‘The Six Triple Eight’ is a rousing war drama which focuses not on what is happening in battle but on a group of black women who themselves play an indispensable role in the war effort by pioneering the seemingly impossible role of sorting through and delivering (where others have failed) a backlog of 17 million letters between the servicemen and their families. Tyler Perry’s drama is very much in the mode of ‘Hidden Figures’ in terms of the way it addresses questions of those stories which the history books have not written about and which are only now, belatedly, being told.

The unit is led by the indomitable Major Charity Adams (Kerry Washington) with a rod of iron, yet underneath this tough veneer is a strong sense of compassion and justice, with Adams standing up against the racism and abuse that is presented here as endemic, as when in one pivotal scene white officers, at a rank below that of Adams, refuse to salute her and require her and her unit to move to the back of a movie theatre. Her resistance fuels the hostility of those who already think that women, and especially black women, have no role to play in the war effort, while also blazing a trail for future generations. Two of the women are still alive and are shown, now around the age of 100, at the picture’s end, and this is an unashamedly rousing, humanitarian drama with lavish production design and featuring a cameo from Oprah Winfrey.

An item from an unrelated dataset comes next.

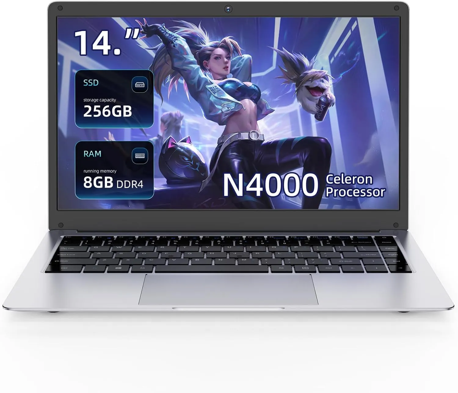 【silvery Large Capacity Laptop】Featuring a powerful Celeron Processor 2.6Ghz clocked, you can experience lightning-fast performance; with 8GB of RAM and a 256GB solid state drive, you can seamlessly run multiple applications and browse the Internet.But this laptop may not be suitable if you are using it for big games.

Its message is clear and unequivocal – that unless we fight for the causes that we believe in, reactionary and injurious forces will prevail, and this is a remarkable film for the way that it shows how history can be told in a different way and can in the process bring together communities otherwise lacking a voice. Wherever there are bullies, the film is telling us, they must be taken down, and ‘The Six Triple Eight’ is a clarion call for showing how there are dividends that can be paid for putting oneself on the line and refusing to allow discrimination of any kind to persist.